355 500 произведений, 25 200 авторов.

Электронная библиотека книг » Николай Тихонов » Стихотворения и поэмы » Текст книги (страница 9)
Стихотворения и поэмы
  • Текст добавлен: 10 апреля 2017, 10:00

Текст книги "Стихотворения и поэмы"


Автор книги: Николай Тихонов


Жанр:

   

Поэзия


сообщить о нарушении

Текущая страница: 9 (всего у книги 36 страниц)

8. ЗА ГОРОДОМ
 
Как по уставу – штык не вправе
Заполнить ротный интервал,
Как по уставу – фронтом вправо,
Погруппно город отступал.
 
 
Дома исчезли. Царство луж
И пустыри с лицом несвежим,
Изображая в красках глушь,
Вошли в сырое побережье.
 
 
Дороги к берегам пусты,
Деревья перешли в кусты.
 
 
Дымились лачуги, с судьбой не споря,
По огородам чах репей,
И, отлученные от моря,
Тупели груды кораблей.
 
 
Без ропота, ржавые палубы сжав,
Ветвистые мачты, —
Они опустились, пошли в сторожа
К лачугам, лугам бродячим.
 
 
У всех навигаций единый закон:
Грузиться и плыть напролом,
Но если ты сдал и на слом обречен,
Ты будешь дружить с пустырем.
 
 
Над пароходною трухой
Костер мальчишки разжигали,
Но дым кривлялся, как глухой,
Но дым у ветра был в опале.
 
 
Голубоглазые сычи
Кричали ветру: «Прочь!

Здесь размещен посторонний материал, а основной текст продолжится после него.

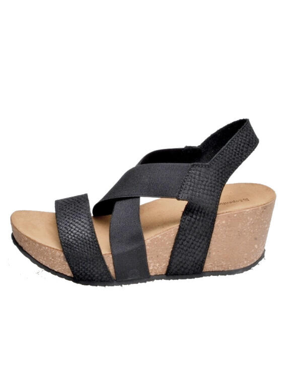 Stasia sandal fra Copenhagen shoes. Sandalen har kilehæl og plateau bund med en højde på ca. 7 cm. Sorte krydsede elastik bånd over vristen og snake præget sort skind henover tæerne og rund omkring anklen. Normal til den lidt store side i størrelsen. Sidd (Læs mere)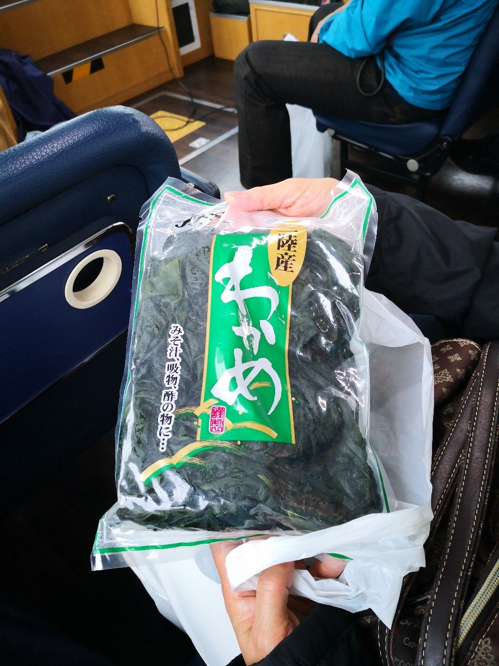 船内のオバチャンの口車に乗せられてワカメ2つ買う。

Не тронь!»
Но этот ветер их учил,
Как нужно выпрямлять огонь.
 
 
Старуха собирала хворост,
Ее спина трещала,
Ее дыханье раскололось
На длинное и малое.
 
 
А дальше волны, разлетевшись,
Синели, синих трав наевшись.
 
 
Я кинул глаз по сторонам —
Синела нищая страна:
Лачуги, пароходный хлам.
 
 
И вдруг взглянули пустыри
Глазами, полными зари.
 
 
Из нищенских ножон
Сверкнуло мне лицо победы:
«Здесь будет город заложен
Назло надменному соседу…»
 
 
Пусть Петербург лежал грядой
Из каменных мощей,
Здесь будет вымысел другой
Переливаться в кровь вещей.
 
 
Ветхий край ключи утра
Положит сам в ладонь
Вот этим детям у костра,
Играющим в огонь.
 
 
Без крепостей, без крови водопадов,
Без крепостных – на свой покрой
В мохнатые зыбей ограды
Они поставят город свой —
Приморский остов Ленинграда!
 
Между 1923 и 1926
9. ЛЮБОВНЫЕ ПРИМЕЧАНИЯ
 
Может быть, ты возникла,
Как совесть, лично
Опровергла мою правоту.
Так моряк отмечает
На карте отличной
Глубину – по ошибке не ту.
 
 
Может быть, то любовная
Мгла ночей —
Садоводов неведомых зов,
Обязательно слива – без косточек,
Состязание чувств – без призов.
 
 
Может, это купанье, где издали
Только взмахи и пена, и вдруг
Узнаешь, если отмели выдали,
Белизну опьяняющих рук.
 
 
Может, август и душно,
Гости до дна
Иссушили беседу, и, кроме
Облаков над полями,
Только ты и верна
Всем прохладам,
Не понятым в доме.
 
 
Может быть, то легенда —
С ума сойти
Всем по списку подряд
И, опять
Безымённо вернувшись
На те же пути,
Отмелькавший рассказ повторять…
 
1928
10. ОТРЫВОК ИЗ ПИСЬМА «О ЖЕЛЕЗЕ»
 
…Кроме того, сообщаю вам,
Что дом железом пронизан,
По всем по кирпичным его рукавам
Железо живет, как вызов.
 
 
Не оттого ль, что в полной мере
Им дышат стены снизу до вершин, —
Мне снятся битвы, рельсы, подмастерья,
Грызущие, как семечки, гроши.
 
 
Железо то из самых бытовых
Металлов, чей состав тягчайший
Встречает примесь марганцев седых,
Мышьяк лукавый, серу, фосфор…
                                               Дальше:
 
 
Вся почта, все идущие ко мне
(А я живу под самой крыши срезом) —
Они, взбираясь от стены к стене,
Они сопровождаются железом.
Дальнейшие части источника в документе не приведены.